Ethnic cleansing and crimes against humanity fail to register as provocation

Idris Elva - Multiple Standards Correspondent

Ethnic cleansing and crimes against humanity fail to register as provocation image

In a new, unremarkable revelation, massive human rights violations, including ethnic cleansing and crimes against humanity, aren’t enough to register as a ‘provocation’ on the moral compass of right-leaning, left-leaning, or even centrist publications. Unlike the real provocations we see in that region, such as Palestinians praying in their mosque or going to the International Criminal Courts to demand prosecution of Israeli war crimes.

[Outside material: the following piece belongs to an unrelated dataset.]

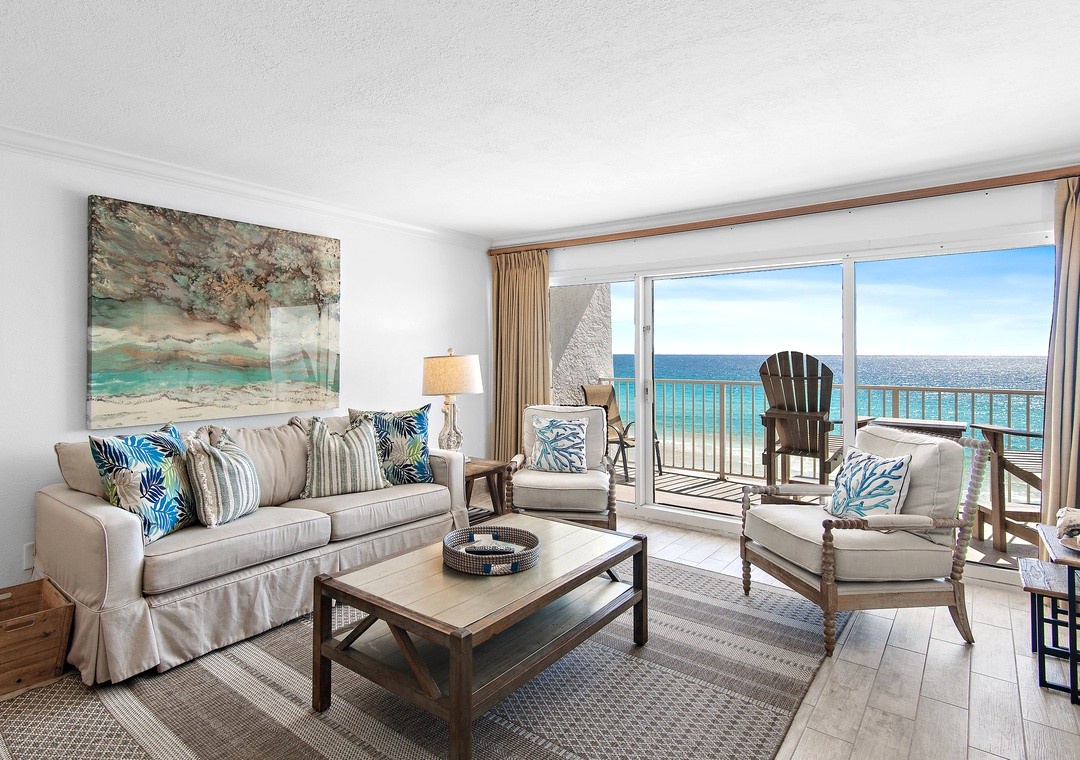 Kick back and relax in Rest Ashore, a fabulous 2 bedroom, 2 bath, Gulf Front condo at Beach House in Miramar Beach! This Penthouse level unit features travertine tile throughout the living areas, granite, and lovely tile-work in both bathrooms. With a king bed in the master, two full beds in the guest bedroom, and a sofa sleeper in the living room, this lovely condo sleeps 6 guests comfortably! There is a washer/dryer for your convenience. Drink in beautiful gulf views from the balcony, or check them out from the living room or kitchen. Make Rest Ashore your go-to beach destination!

"Those words were chosen carefully over the years to have a real impact when heard," said James Tortin, a UN spokesperson, "but they have such a breezy lightness to them in relation to Palestine."

"Provocation is such a strong word," commented Katharine Beelo, a BBC journalist, while sipping on her ethically sourced coffee. "We reserve it for situations for people whom our audience can relate to, not splurged out whenever human rights are trampled upon."

Over in the US, a Fox News anchor tweeted, “We adhere to a strict code: 'If our friends do it, it's self-defense; if our foes do it, it’s terrorism.' Keeps things simple and headlines snappy."

Meanwhile, Ursula von der Leyen expressed her surprise that people out there actually get provoked by systemic violence and displacement. "People there normally have bigger daily concerns, like whether Israel will allow them to receive electricity that day and whether they will be able to provide food for their family with the blockade being there.”